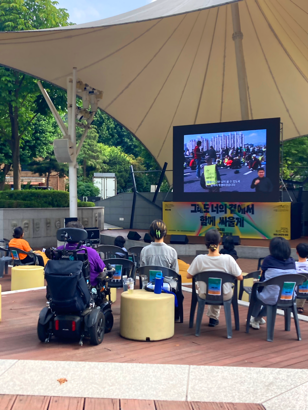 이동이 어려운 사람들에게 호의적이지 않은 공간이 있습니다. 대표적으로 계단이 있겠죠. 특히 휠체어 이용자는 계단을 의자처럼 사용할 수가 없습니다. 머무르지 못하는 건 물론이고 구석에 마련해 놓은 경사로를 지나가야만 합니다.
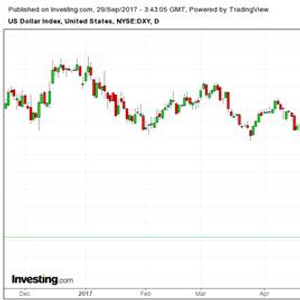 第一,美联储从2016年12月至今加息3次,但美元指数却是不断走贬,从年初的103.21一路贬至9月的91.35,下跌幅度高达11.49%。
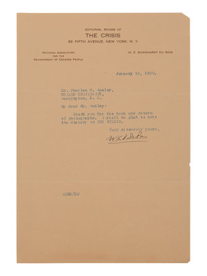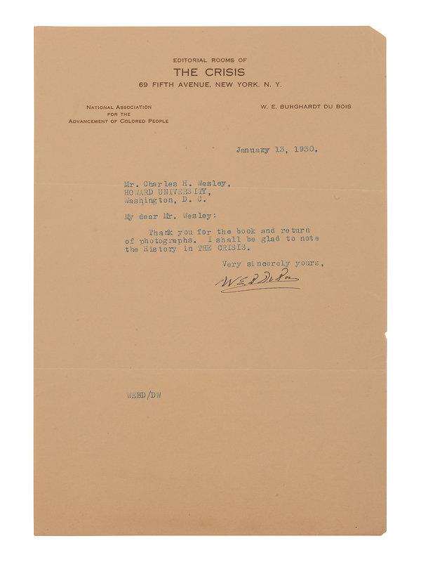 DU BOIS, William Edward Burghardt (1868-1963). Typed letter signed (“W. E. B. Du Bois”), as editor of The Crisis, to Charles H. Wesley. New York, 13 January 1930. 1 page, 8vo, on Editorial Rooms of The Crisis, National Association for the Advancement of Colored People letterhead, evenly toned, light creasing.
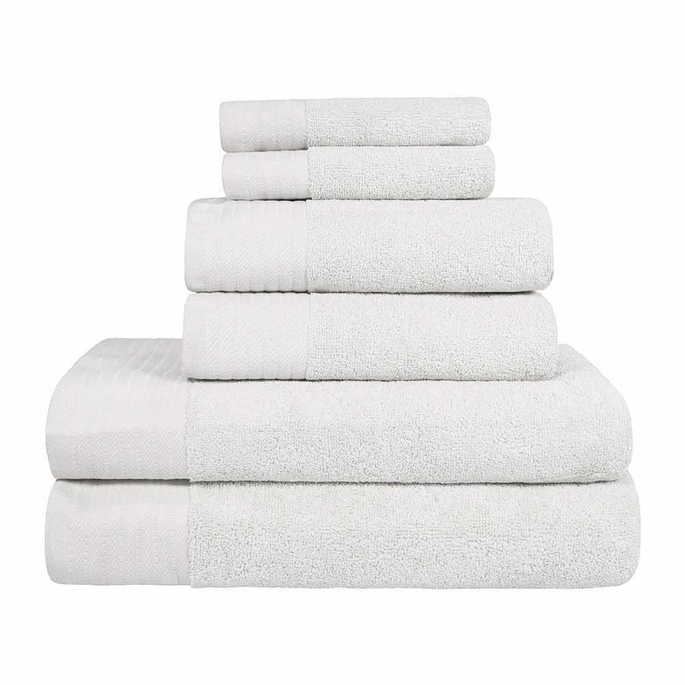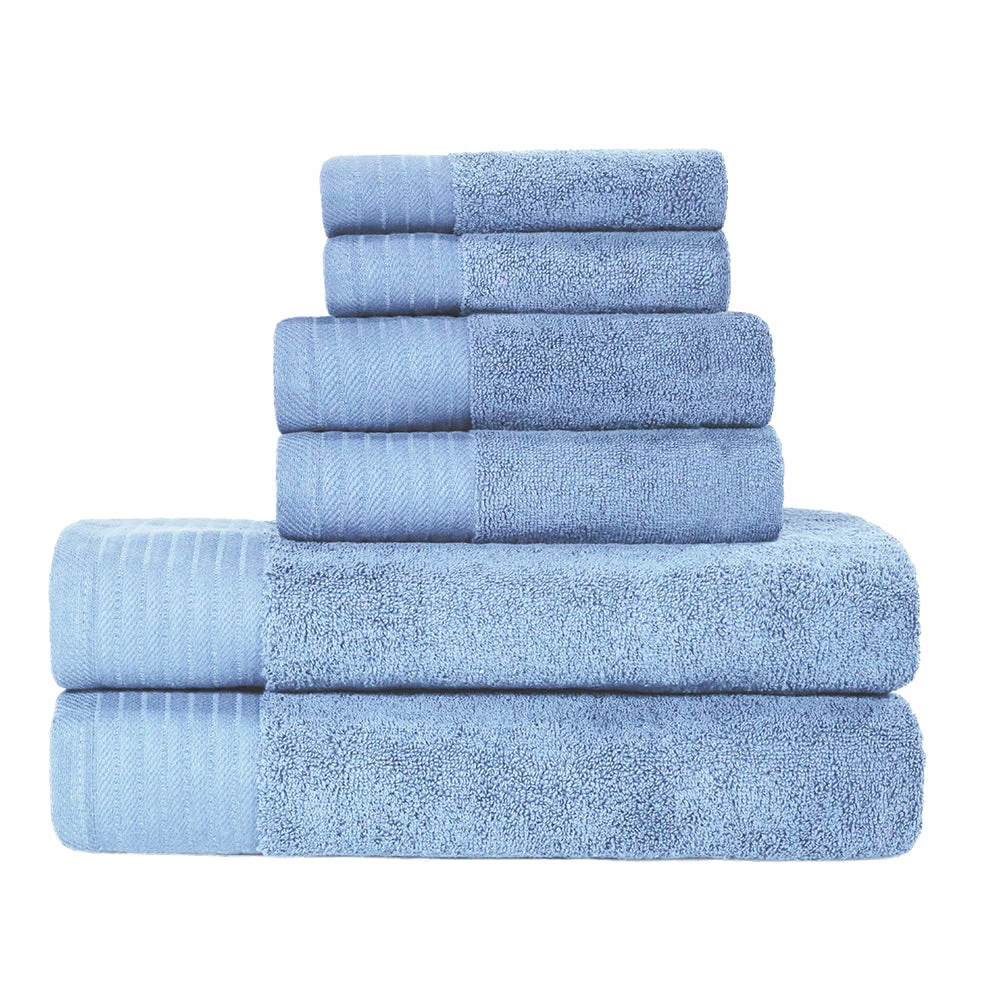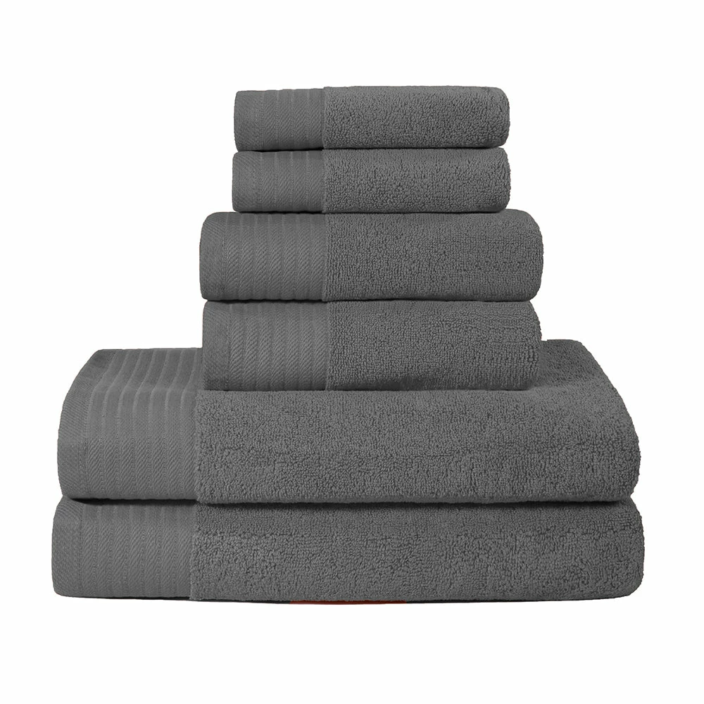 - COZY, ABSORBENT and PLUSH – This set includes 2 face towels 13″ x 13″ each, 2 hand towels 16″ x 28″ each, and 2 bath towels 28″ x 54″ each; the cozy GSM (grams per square meter) weight and single-ply terry loop construction make them stronger and more absorbent than other varieties of cotton towels. OEKO-TEX Certified to ensure environmental and safety standards
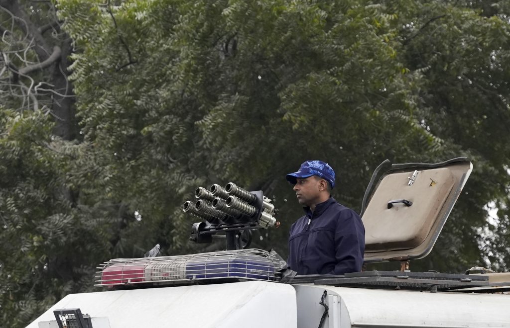 A Rapid Action Force personnel mans a tear-gas gun atop a police truck. | TCN Photo by Arbab Ali[/caption]
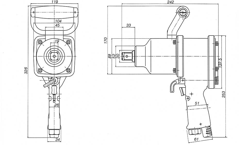 | Model | Tip tool mounting size | Adjustment dial steps | Capacity ordinary bolt O/D (mm) |
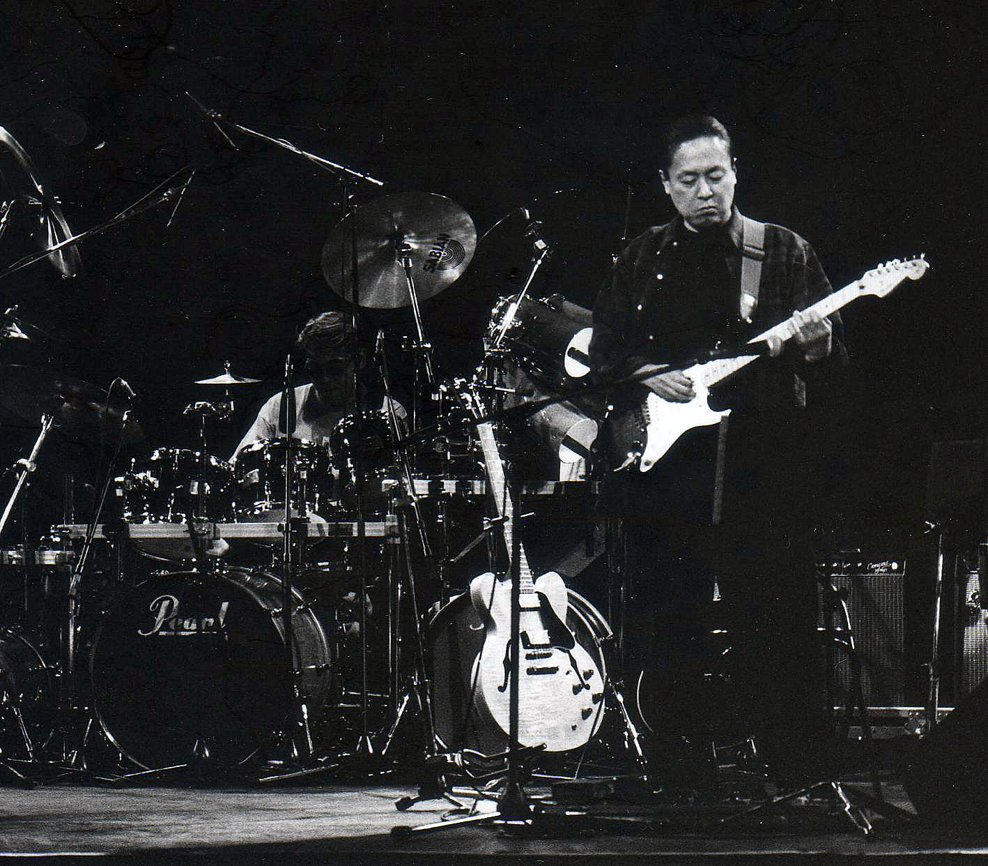 村上:そもそも俺にとっての憲司の最初の印象は、憲司がアマチュア日本一になったトリオをやってた時に、最初に聴いたラリー・コリエルのカバーなのよ。『レディー・コリエル』っていう名盤があって、ドラムがエルヴィン・ジョーンズで、ラリー・コリエルがフルアコを持ってヤバイことを弾きだした最初かな。それが憲司を最初に聴いた時の印象なんだよね。“なんだこいつら?”と思った。俺、当時はバンドボーイをやってたんだけど、その時になぜか“このギターの奴と将来やりたいな”と思った、それが最初なのよ。
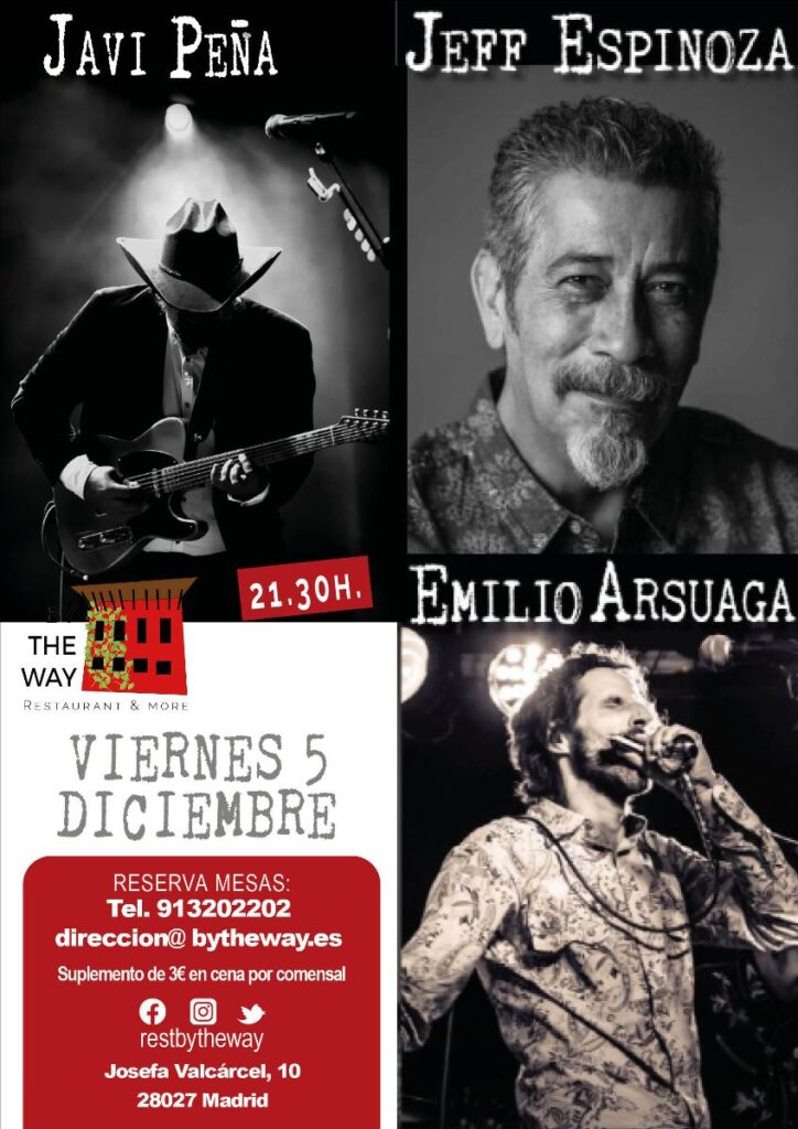 cONOCE MÁS Jeff Espinoza, Emilio Arsuaga & Javi Peña en directo Blues y country folk americano de la mano de tres enormes músicos. Jeff es uno de los bluesmen más importantes del panorama nacional desde hace más de 40 años. En esos años 80 llegó a nuestro país, formando muchas formaciones como Flying Gallardos, Vargas Blues Band, Red House (junto a Francisco Simón) y actualmente con J. Espinoza & The Gypsy Runners.Jeff hace blues y folk americano. Hace innumerables actuaciones con gente del nivel de Lou Marini (Blues brothers) o Ramón Arroyo de Los Secretos. Este californiano es una institución que no debes perderte. Javi Peña es un guitarrista, compositor y productor madrileño cuyo trabajo incluye dar soporte a otros grandes artistas locales y desarrollar su propia carrera con otras formaciones. En todos los casos un trabajo que siempre viene marcado por su exquisito gusto y enorme técnica con la guitarra. Revolver, Marlango, Red House son algunos de sus grupos habituales… Y Emilio Arsuaga, gran armonicista, además de guitarrista y cantante. Influenciado por enormes músicos como Little Walter, Sonny Boy Williamson (2- Rice Miller), Big Walter Horton y Sonny Terry, Emilio. Miembro de King Bee, Arsuaga empezó en la música como guitarrista para acabar dedicando sus esfuerzos al mismo instrumento que Lester. Ahora le dedica el supremo Lazy Lester Forever (Rock CD) grabado en Austin, Texas. Emilio conoció a Lester en 2013, y se convirtió junto a su hermano Carlos Arsuaga en Lazy Boots, siendo la banda de acompañamiento de Crazy Lester en su gira española. Y casi al mismo tiempo se publica I’m Here To Stay (Rock CD), firmado junto a The Mad Reeds, como el propio Emilio dice, “su banda española”. Once canciones en las que el músico y su banda se mueven por un sonido pantanoso, lleno de blues, zydeco, swamp y country, combinando temas propios con excelentes versiones como el «I’m Ready» de Fats Domino o el «Can’t Hold On Much Longer». Demostrando el ya longevo buen estado del blues patrio. Cuándo: Viernes, 5 de diciembre de 2025 Hora: A partir de las 21.30h Dónde: By The Way Entrada libre hasta completar aforo. Suplemento 3€ adicionales a la cena. https://www.youtube.com/watch?v=t9e8rYzHfKI

* * * *

### INSTRUCTIONS FOR THE TASK:
Take the records from their first line through the line containing "DU BOIS, William" and please return exactly those lines, both ends included, minus the pictures.

### RESPONSE AREA:
 이동이 어려운 사람들에게 호의적이지 않은 공간이 있습니다. 대표적으로 계단이 있겠죠. 특히 휠체어 이용자는 계단을 의자처럼 사용할 수가 없습니다. 머무르지 못하는 건 물론이고 구석에 마련해 놓은 경사로를 지나가야만 합니다.
 第一,美联储从2016年12月至今加息3次,但美元指数却是不断走贬,从年初的103.21一路贬至9月的91.35,下跌幅度高达11.49%。
 DU BOIS, William Edward Burghardt (1868-1963). Typed letter signed (“W. E. B. Du Bois”), as editor of The Crisis, to Charles H. Wesley. New York, 13 January 1930. 1 page, 8vo, on Editorial Rooms of The Crisis, National Association for the Advancement of Colored People letterhead, evenly toned, light creasing.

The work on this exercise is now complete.